02 test.adb 941012154746 2 3
03 part1.ads 941012154531
04 part2.ads 941012154620
05
06 %% test.adb
07 test 3:11
08 thing 5:4
09 {16:4 17:4 17:13 17:21}
10 client 6:9
11 {11:16}
12 client.number 7:7
13 {14:14}
14 client.state 8:7
15 {15:14}
16 color 10:9
17 red 10:19
18 green 10:24
19 my_client 11:4
20 {14:4 15:4}
21
22 -- part1.ads
23 part1 1:9
24 {1:6}
25
26 -- part2.ads
27 part2 1:9
28 {2:6 2:17}
29 number 2:9
30 {5:14}
Explanations:
^^^^^^^^^^^^
File "Test" is the only RU (requested unit).
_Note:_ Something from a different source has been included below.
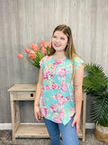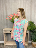 Who doesn't love floral print on a mint background?! This short sleeve tunic is our favorite wrinkle-free material. It has super cute ruffled short sleeves and a v-neckline. Pair with white pants or denim!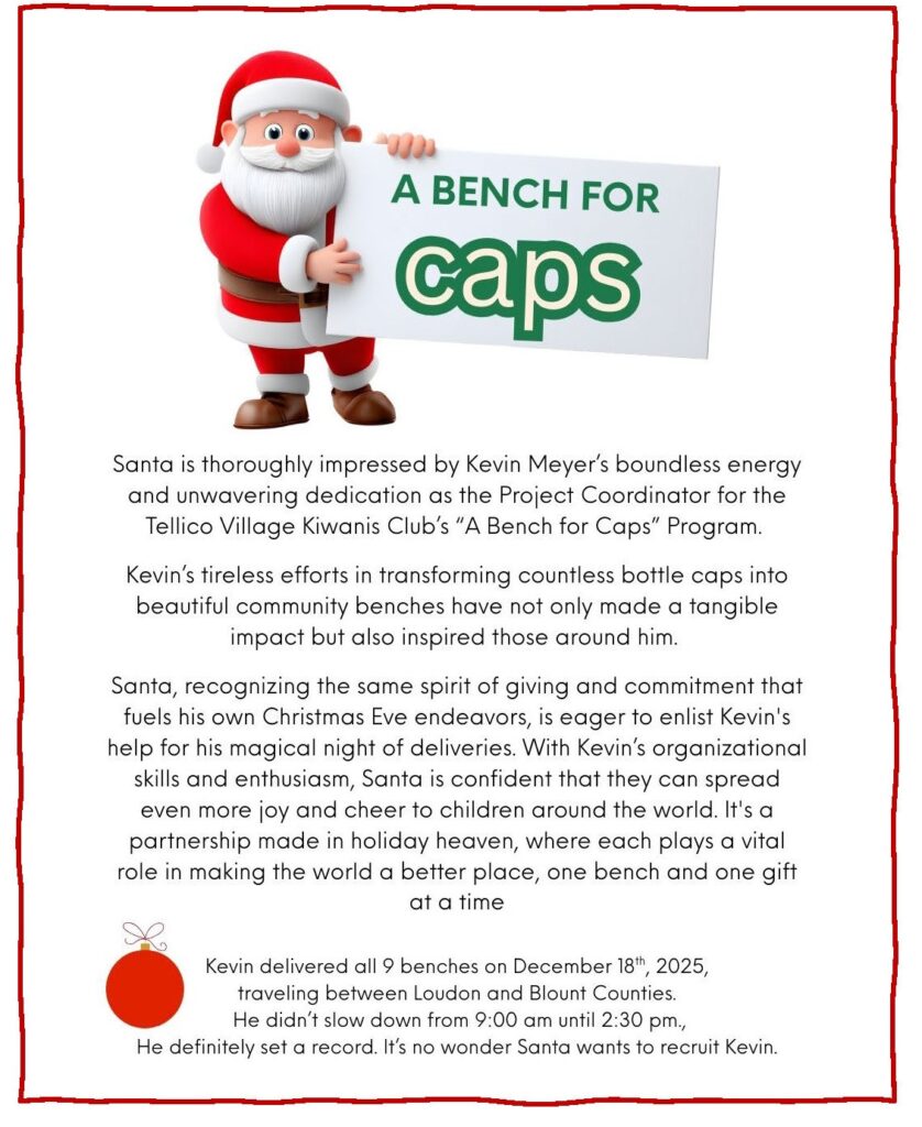 A Bench for Caps Program is environmentally conscious, repurposing non-recyclable plastic lids and bottle caps into benches and tables. Since its inception, the Tellico Village Kiwanis Club’s A Bench for Caps Program has produced 111 benches, 4 Ozark Hex Tables, and 2 regular picnic tables from 24,800 pounds of non-recyclable plastic, showcasing an innovative approach to community building and environmental stewardship.

AUs (auxiliary
units are packages "Part1" and "Part2". First the graph of
the loaded units with their time stamps is given
02 test.adb 941012154746 2 3
03 part1.ads 941012154531
04 part2.ads 941012154620
Unit "Test" requires the loading of units "Part1" and "Part2"
(the second and third units listed in the inclusion graph).
Entry:
06 %% test.adb
07 [...]
08 thing 5:4
09 {16:4 17:4 17:13 17:21}
means that "Thing" is an entity (a variable) defined in line 5
column 4 and used in line 16 column 4, line 17 columns 4, 13 and 21
in file "test.adb".
Note that entity "Useless" may be used in units other than "Test"
but that information is not contained in the "test.xrb" since "Test"
does not use "Useless".
Implementation of Intrinsic Functions.
--------------------------------------
GNAT version 1.79 begins to implement intrinsic functions. In particular,
the shift functions predefined in Interfaces are now implemented.
The implementation is quite general. You can define shift operations (i.e.
one of the five operations, Shift_Left, Shift_Right, Shift_Right_Arithmetic,
Rotate_Left, Rotate_Right) on any integer type, signed or unsigned, whose
Size is 8, 16, 32 or 64 bits, and then provide an appropriate pragma Import
Intrinsic, and everything will work.
In other words, the package Interfaces is not using any special magic, and
you can do exactly what it does to make shift operations available for any
integer types that meet the size criteria (shift operations for wierd-sized
integers seem too marginal to worry about!)
Example:
type My_Type is new Integer;
function Shift_Left (Val : My_Type; Count : Natural) return My_Type;
pragma Import (Intrinsic, Shift_Left);
The exact requirements on the pragma Import are as follows:
The function must have one of the five standard names
There must be two arguments
The first argument can be of any integer type with a size of 8, 16, 32, 64
either signed or unsigned.
The return type must be the same as the first argument type
The second argument (the shift count), can be of any integer type
Getting Internal Debugging Information.
---------------------------------------
Most compilers have secret internal debugging switches and modes. GNAT is
no exception, except that nothing about GNAT is secret. A summary and full
description of all the compiler/binder debug flags can be found in the file
debug.adb. You will have to get the sources of the compiler to see the full
detailed effects of these, but feel free to experiment with them.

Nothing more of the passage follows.